The death in custody was not unusual but the details were, unusually made available when Wang's parents provided information to foreign journalists as part of their campaign for an independent investigation.
In a country with an all-powerful security apparatus, and no independent judicial process, torture and ill-treatment of prisoners is widespread and, according to Amnesty, systematic. The torturers are rarely called to account.
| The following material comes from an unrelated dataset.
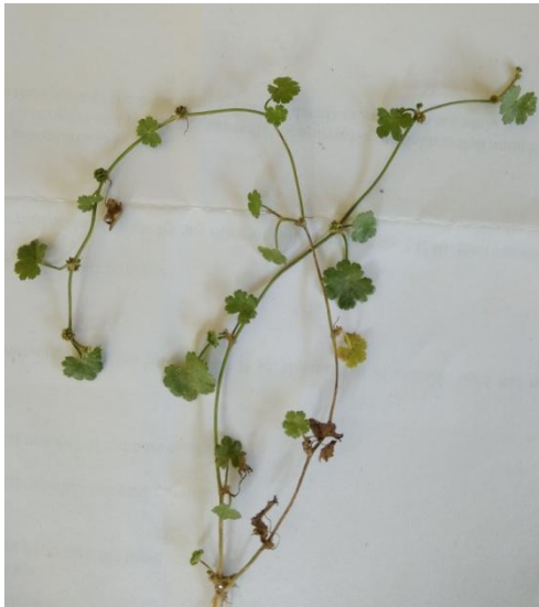
31. Hydrocotyle sibthorpioides Lam.

No statistics are published on deaths in custody, and there are few reliable indications of the real scale of the problem. In October 1993, the Henan Legal Daily said that in that province 41 prisoners and "innocent suspects" had died as a result of torture during interrogation between 1990 and 1992, reported Amnesty. Torture methods that were mentioned by the official newspaper included victims being tied up, scalded with boiling water, hit with bottles, burned with cigarettes, lashed with belts, or having electric prods placed on their genitals. Political prisoners who have been released from jail and subsequently left China have substantiated the reported ill-treatment, including years in solitary confinement.
Violations take place across the board, from the arresting police station, to detention centres and labour camps and jails. China ratified the UN Convention against Torture seven years ago, but, despite the central government's attempts to stop such incidents, the public security and prison authorities still operate without any outside controls.